In the pre civil rights area South (and elsewhere) were creditworthy blacks excluded from loans?

The South is a big area, of course, but I imagine there can be some fairly objective answers to this question.

Was it common for banks in the South before the civil rights era to consider a black person to be creditworthy, yet deny him a loan?

Or if a bank denied a black person a loan, was it always because the bank genuinely believed the black person not to be creditworthy, i.e., not likely to be able to repay the loan?

This question is related to a hijack occuring towards what is presently the end of this thread.

This wikipedia article touches upon some aspects of the question, though not directly answering it.

This is a fascinating topic requiring more time than I have right now.

Although De jure segregation might not have been the case above the Mason-Dixon Line, there was still the need for Black owned banks in those “enlightened” areas.

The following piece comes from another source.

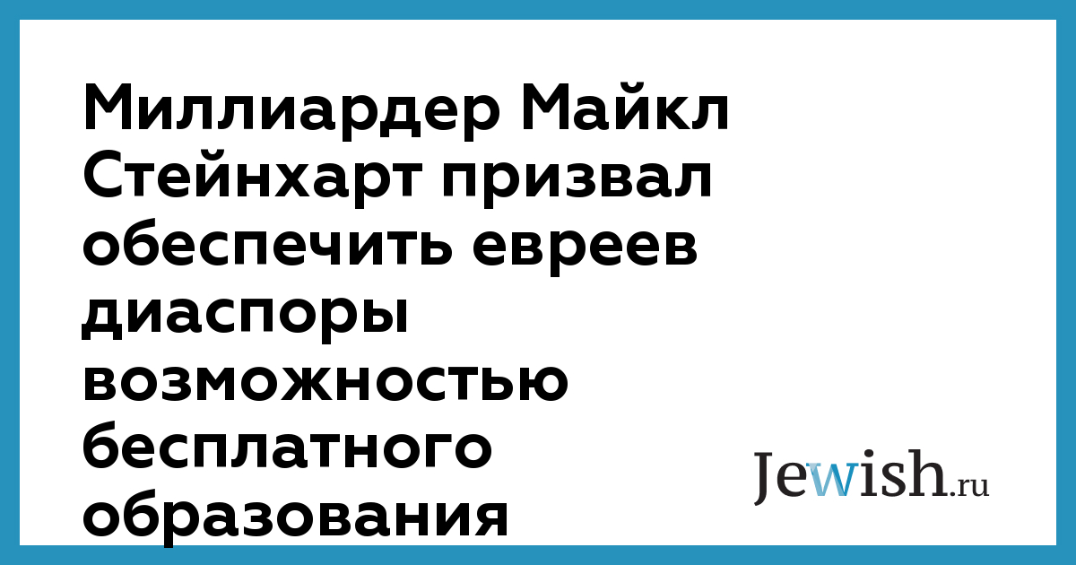 Миллиардер Майкл Стейнхарт призвал обеспечить евреев диаспоры возможностью бесплатного образования

Within my memory (the mid-1960s) I can remember civil rights protests at banks accused of not writing mortgages or business loans for blacks.

Redlining was common enough that Congress had to pass a law against it.

As **Bridget Burke ** noted, one of the forgotten things about pre-civil rights society was the development of a completely separate business structure in black communities – banks, department stores, supermarkets, hotels, doctors, lawyers, etc. that developed because blacks were denied access to the white community’s institutions.

He was considered not creditworthy because he was black. If he’d had white skin, then the same information would have been considered creditworthy, yes. And, of course, black women had it even worse.

Hell, my father experienced a LOT of prejudice in the 60s and 70s THAT I KNOW OF. I saw it, and I was a child/teen at the time. There’s no telling how much prejudice that I DIDN’T see. Many people didn’t consider him to be really white…he’s a somewhat swarthy Italian, with an Italian last name.

Remember, prejudice was rampant. Many people didn’t like Kennedy for president because he was Catholic. And, of course, “no Irish need apply”.

In this article, historian Richard Jensen argues that “No Irish Need Apply” signs were largely a myth and not all common. He cites, for example, only a handful of examples from the first 70 years of the New York Times:

“The complete text of New York Times is searchable from 1851 through 1923. Although the optical character recognition is not perfect (some microfilmed pages are blurry), it captures most of the text. A search of seventy years of the daily paper revealed only two classified ads with NINA—one posted by a Brooklyn harness shop that wanted a boy who could write, and a request for a couple to take charge of a cottage upstate.”

The Mosaic Templars Association provided insurance and banking as well as other services in Little Rock, Arkansas.